Father Ricardo Virtudzo standing inside his typhoon-hit church in Alegria, Surigao del Norte province. Photo: AFP

Meanwhile, Father Ricardo Virtudazo stands in a pool of water in his typhoon-hit church in the southern Philippines delivering Christmas Day mass to dozens of devotees whose wishes this year were for new roofs, food and fine weather.

Survivors clung to family and faith after their homes – and planned festivities – were wiped out.

“What’s important is all of us are safe,” said Joy Parera, 31, attending Christmas mass with her husband at San Isidro Labrador Parish church in the town of Alegria, on the northern tip of Mindanao island.

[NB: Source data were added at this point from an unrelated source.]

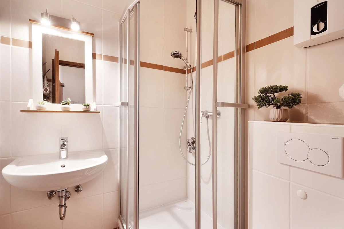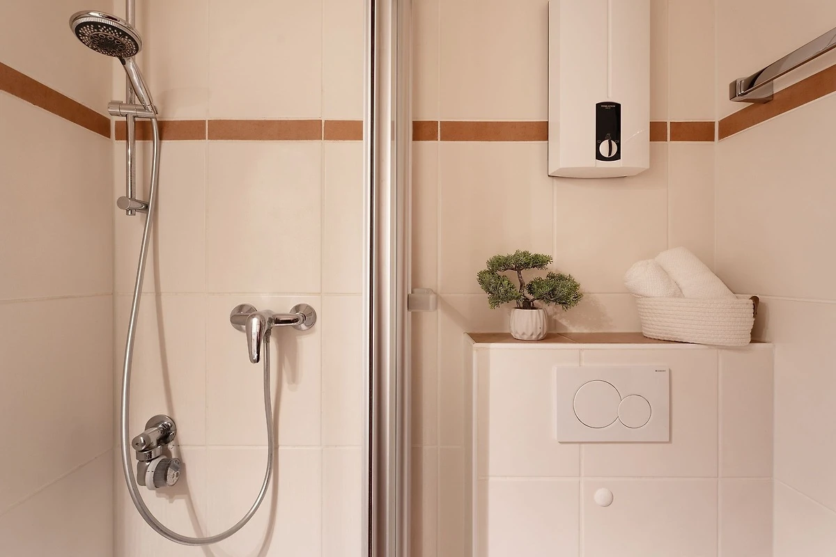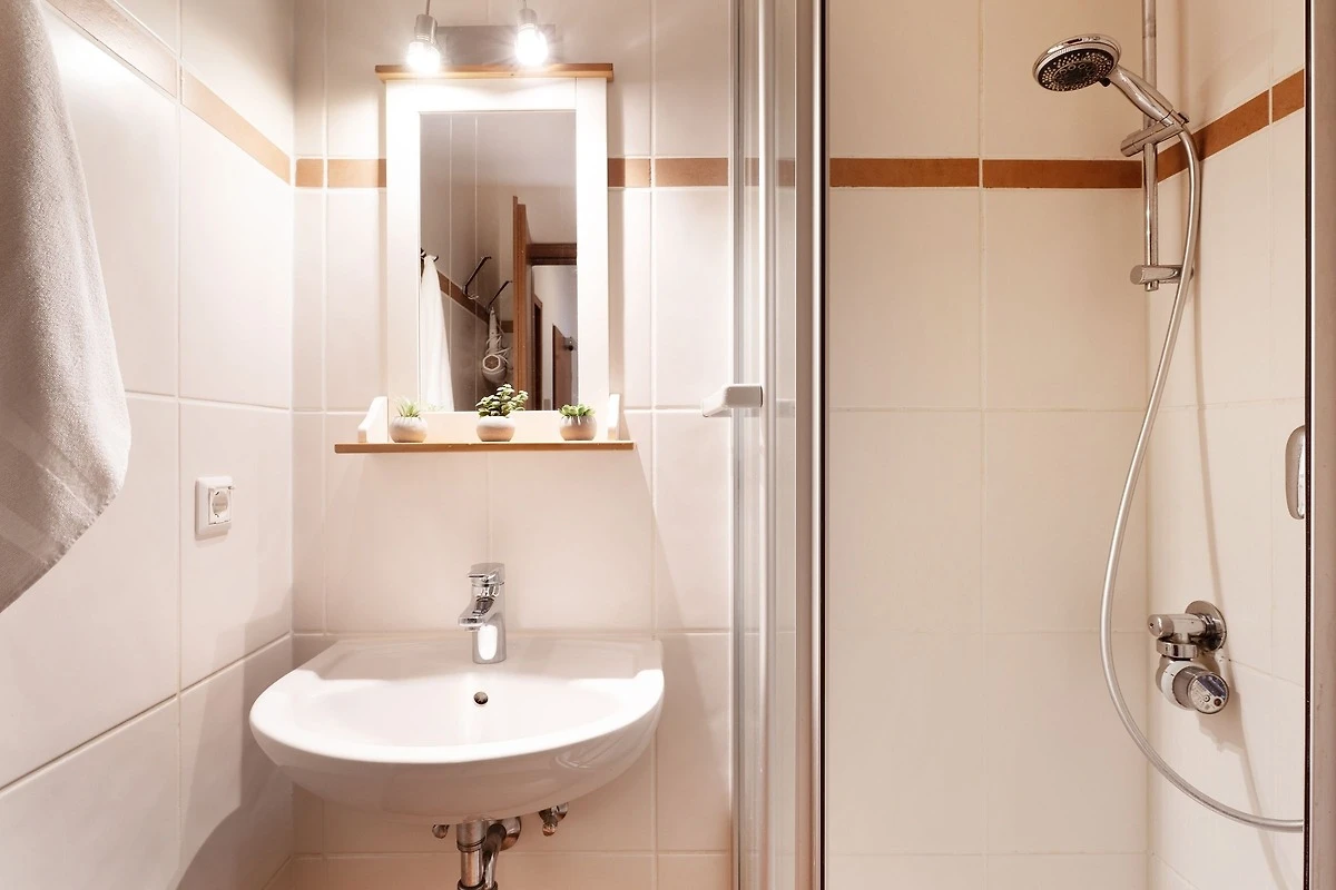Leider ist die Dusche entschieden zu klein, für ältere Menschen oder große Menschen eine Katastrophe
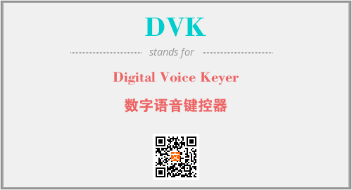 英文缩略词“DVK”经常作为“Digital Voice Keyer”的英文缩写来使用,中文表示:“数字语音键控器”。本文将详细介绍英文缩写词DVK所代表英文单词,其对应的中文拼音、详细解释以及在英语中的流行度。此外,还有关于缩略词DVK的分类、应用领域及相关应用示例等。
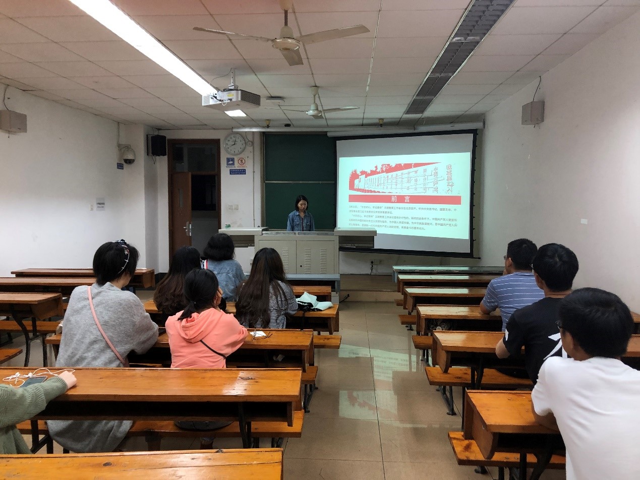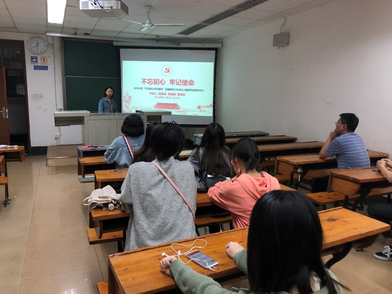 365英国上市公司2018级硕士研究生党支部于9月4日晚在逸夫馆4304B教室联合开展了以“认真学习习近平总书记在“不忘初心、牢记使命”主题教育工作会议、中央政治局第十五次集体学习上发表的重要讲话精神”为主题的党日活动。活动由2018级党支部书记王珏同志主持,支部的党员和积极分子都参加了活动。
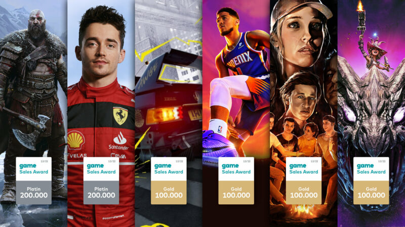 Im Dezember zeichnet der game – Verband der deutschen Games-Branche sechs Spiele mit einem game Sales Award aus. Für über 200.000 verkaufte Titel erhalten das epische Action-Adventure „God of War Ragnarök“ und das Formel-1-Rennspiel „EA SPORTS F1 22“ jeweils den game Sales Award in Platin. Mit „Need for Speed Unbound“ bekommt ein weiteres Rennspiel eine Trophäe für besondere Verkaufserfolge: Der EA-Titel hat sich über 100.000-mal verkauft und erhält somit einen Gold-Award. Den game Sales Award in Gold erhalten auch gleich drei Titel des Publishers 2K: Die Basketball-Simulation „NBA 2K23“, der Survival-Horror „The Quarry“ und das Action-Spiel „Tiny Tina´s Wonderlands“ haben ebenfalls die Marke von 100.000 Verkäufen geknackt.
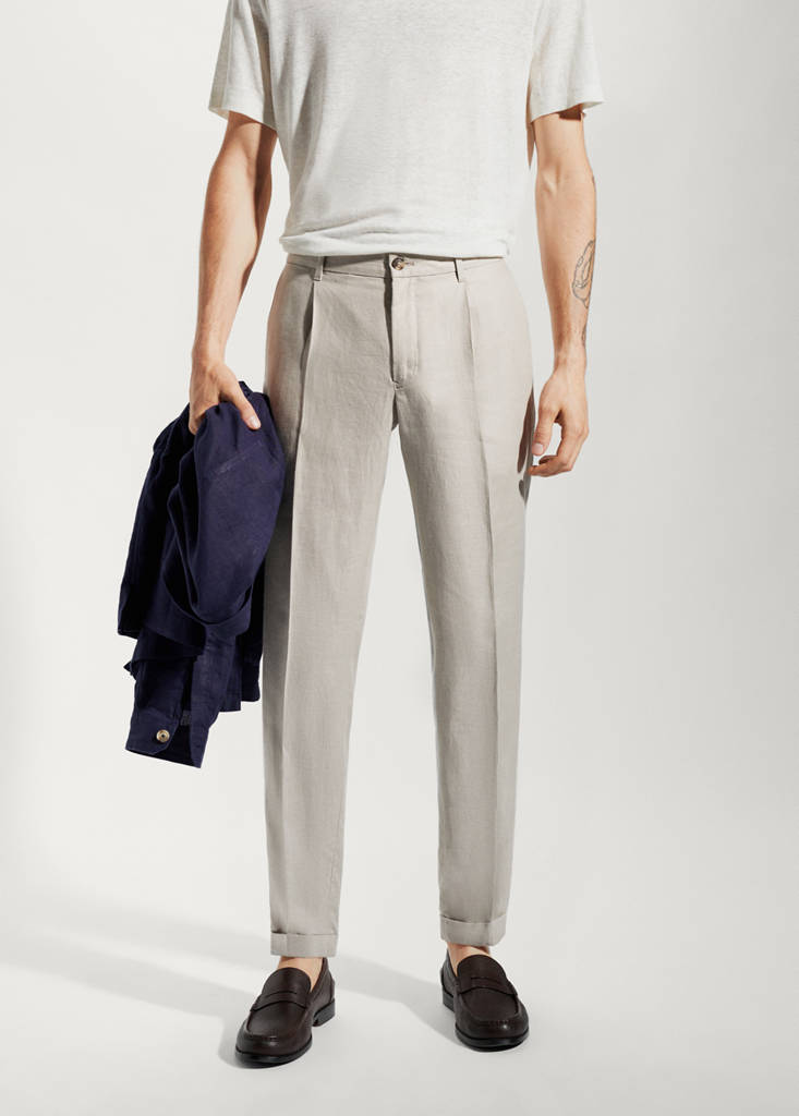 Ткань: 100% лен. Прямой крой. Спереди и сзади защипы. Двойная застежка на пуговицу и молнию. Два передних кармана. Два прорезных кармана с пуговицей сзади. Штанины с отворотами
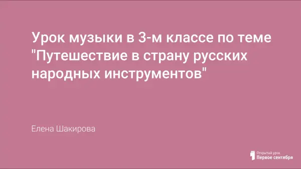Урок начинается с мотивации детей, показ различных предметов быта, которые использовали в качестве музыкальных инструментов. В течение урока проводятся микроисследования, которые объясняют деление музыкальных инструментов на группы в соответствии с различными способами извлечения музыкальных звуков: ударные, духовые, струнные. Прослушав звучание русских музыкальных инструментов в отдельности и в целом оркестр, в конце урока дети создают свой собственный оркестр из простейших музыкальных инструментов.
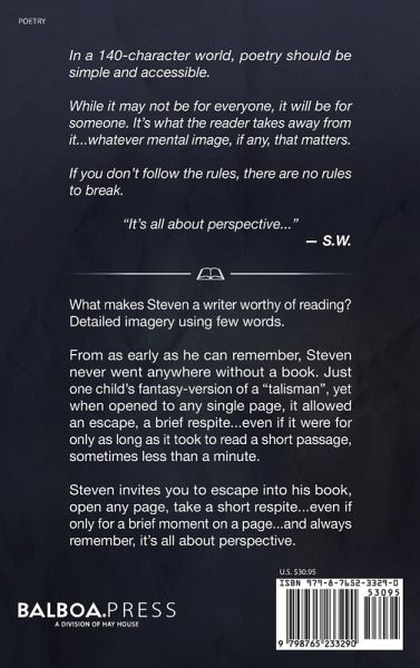 In a 140-character world, poetry should be simple and accessible. While it may not be for everyone, it will be for someone. It's what the reader takes away from it...whatever mental image, if any, that matters. If you don't follow the rules, there are no rules to break. "It's all about perspective..." - S.W.
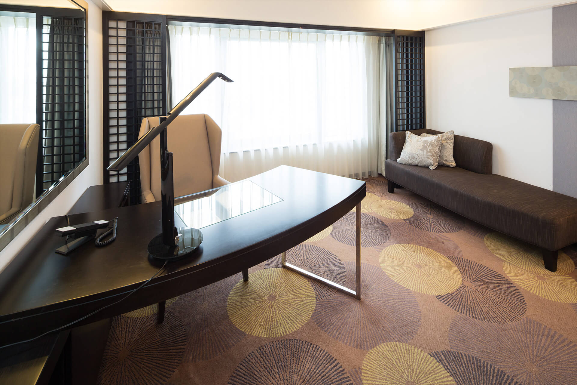 広々としたデスクが設置されているので、ビジネスでのご利用やお一人様でのご利用にも適したお部屋です。 -
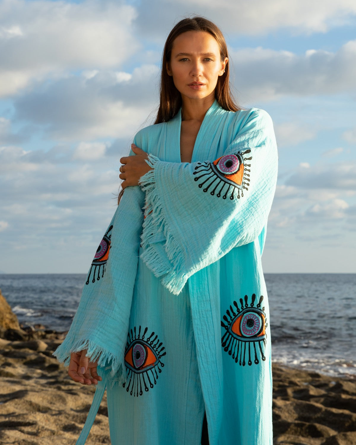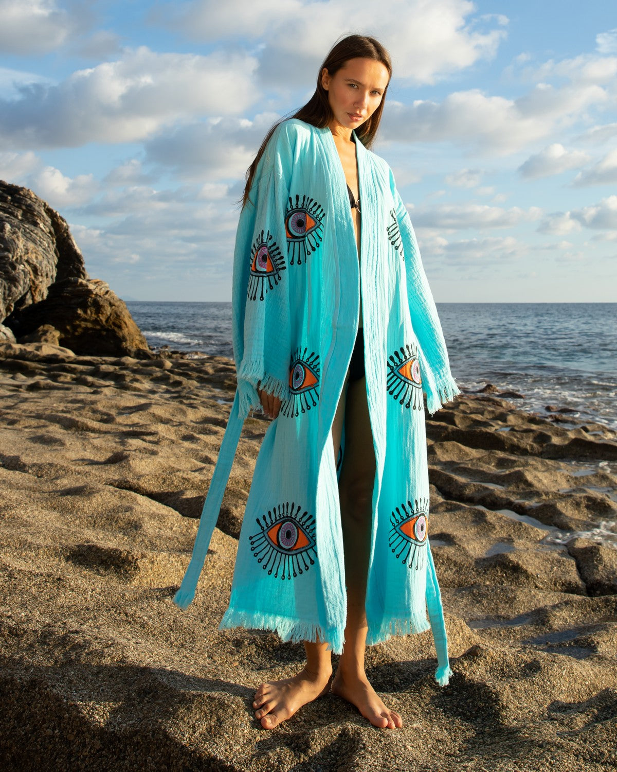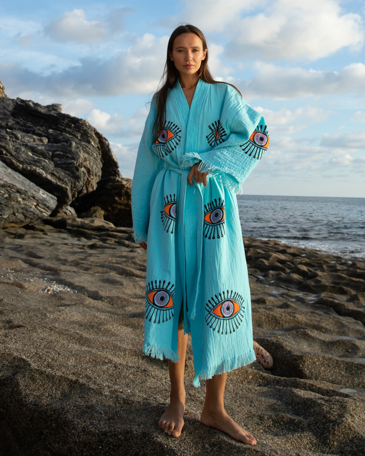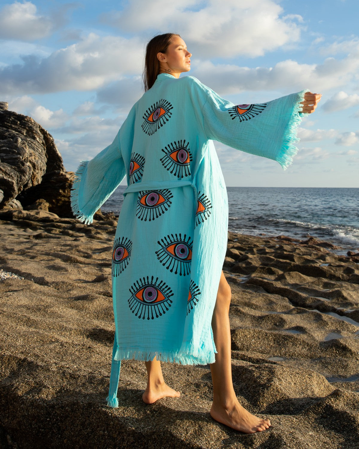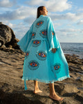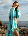 Turquoise - Orange Evil Eye Kimono Robe
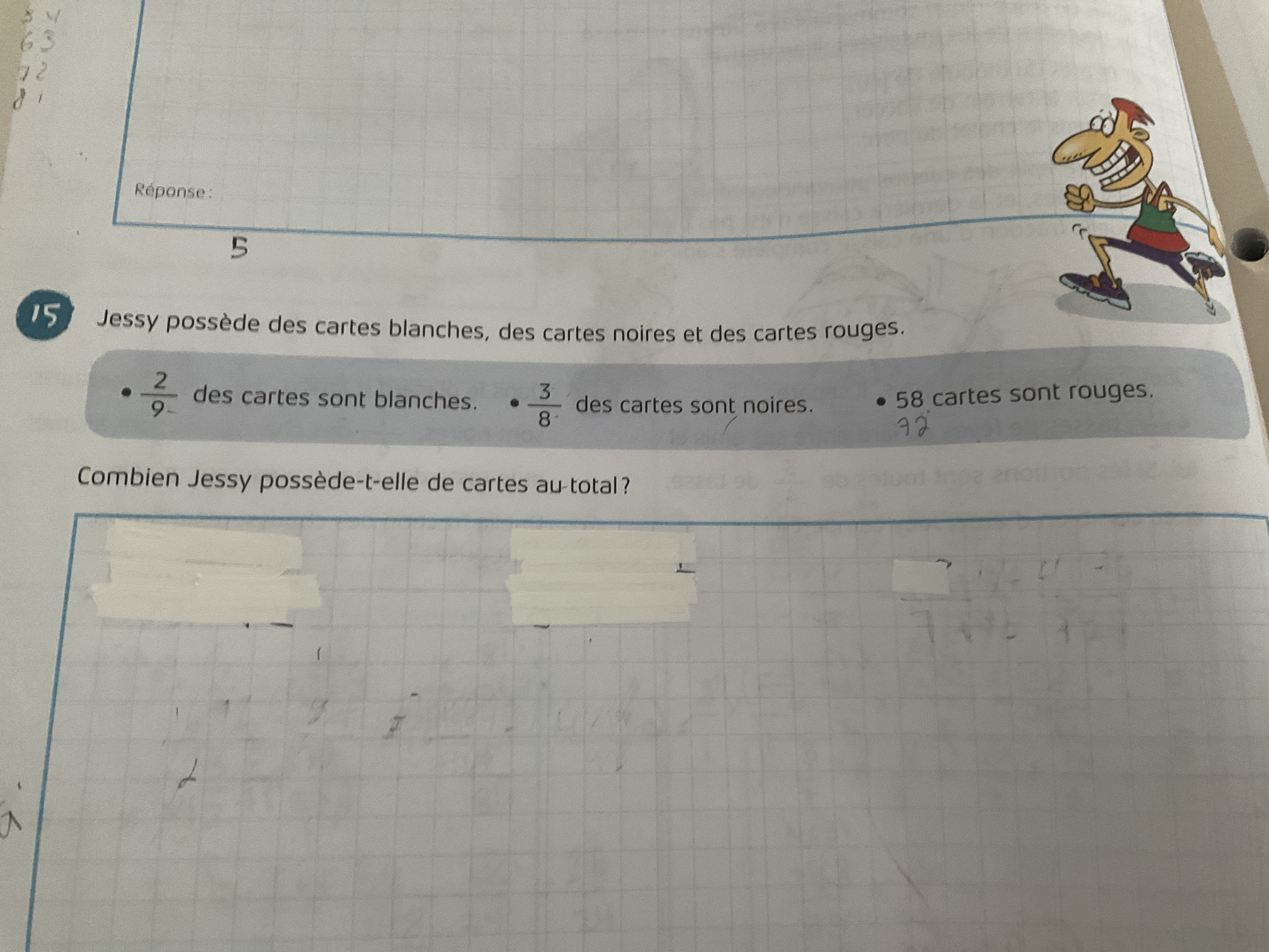 Secondaire 1 • 1aRebonjour, je n'ai toujours pas compris comment on fait pour trouver le nombre totale de cartes. Est-ce qu'il faut tout mettre sur le même dénominateur ? Si oui , comment on fait avec le 58 ?
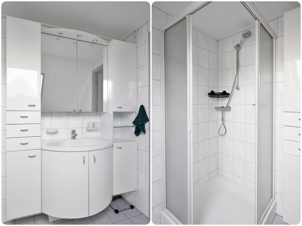 De overloop geeft toegang tot de 3 slaapkamers en een 2e badkamer met 2e toilet, douche en wastafel met meubel. Er is ook nog een berging waar zich ook de cv-installatie bevindt.
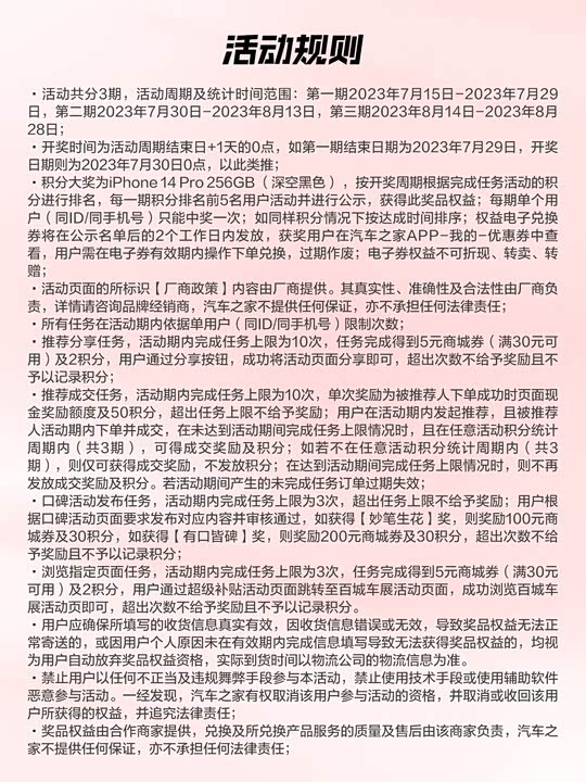 活动共分3期,活动周期及统计时间范围:第一期2023年7月15日-2023年7月29日,第二期2023年7月30日-2023年8月13日,第三期2023年8月14日-2023年8月28日;
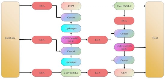 The Shuff blocks in our backbone network contain a large number of 1 × 1 convolution operations, resulting in feature maps with rich semantic information. However, in the feature pyramid structure, upsampling and downsampling operations are unavoidable. These operations can change the size and resolution of the feature maps, potentially leading to the loss of original semantic information. In particular, downsampling operations often lose local detailed information through pooling or convolution operations, making the loss of semantic information in certain regions of the feature maps more significant. To address this issue, we introduced the ECA attention module in the PAFPN. This module aims to enhance the feature extraction network to effectively extract key features from the feature maps and improve model accuracy. We introduced six ECA attention blocks in the PAFPN, located before the feature concatenation operation, as shown in Figure 8. Although we added multiple ECA attention blocks, they only perform Conv1D operations, adding very few parameters to the network. Experimental results show that the ECA module can significantly improve the model’s ability to capture key features with very few added parameters.

A light rain soaked the pews and white tiled floor of the damaged church, which has been left with a gaping hole in the roof after Rai ravaged the area. Devotees wore masks as they gathered inside the church festooned with Christmas decorations and prayed for a better year.

“We still have hope,” Virtudazo said. “In spite of the calamities they experience, they still have faith in God.”

03:18

Desperate Philippine survivors of Super Typhoon Rai beg for food amid lagging government aid

Desperate Philippine survivors of Super Typhoon Rai beg for food amid lagging government aid

Christmas is one of the most important events in the Christian calendar and in the Catholic-majority Philippines, families typically gather to share a meal. But the widespread destruction caused by Rai in the southern and central regions of the country has dampened celebrations as many survivors plead for drinking water and food.

Mindanao, Siargao, Dinagat and Bohol islands are among the most devastated by the storm, which knocked out electricity, tore off roofs, shredded wooden buildings, felled concrete power poles and uprooted trees.

The scale of the damage, lack of mobile phone signal or internet in many areas, and depleted government coffers after the Covid-19 response were hampering efforts to distribute aid.

02:12

It's beginning to look a lot like Christmas in the Philippines

It's beginning to look a lot like Christmas in the Philippines

Nardel Vicente said his Christmas wish was for someone to help him buy a new roof for his house in Alegria after it was wrecked by Rai, which hit the country on December 16 as a super typhoon.

Jobless and with little money to spare, Vicente said his family would not be able to prepare a festive meal this year. “In previous years we had spaghetti, pork, chicken – whatever we could afford between us,” the 38-year-old said.

But he added: “That’s ok, we’re alive. It’s better than welcoming Christmas with a dead loved one.”

Marites Sotis usually serves up meat, spring rolls and salad for her family. “We won’t have those this year because they cost a lot of money,” Sotis, 53, told AFP in the coastal municipality of Placer where the storm felled most of her family’s coconut trees. “We’ll make do with spaghetti.”

Some survivors in nearby Surigao City have been standing on roads for days begging for money and food from passing motorists after failing to receive a scrap of government assistance.

Inaga Edulzura, 41, said she hoped to get a packet of spaghetti to cook for her family. Otherwise, they would “make do with sliced bread. Our only request is that there’s fine weather on Christmas Day to give us some cheer.”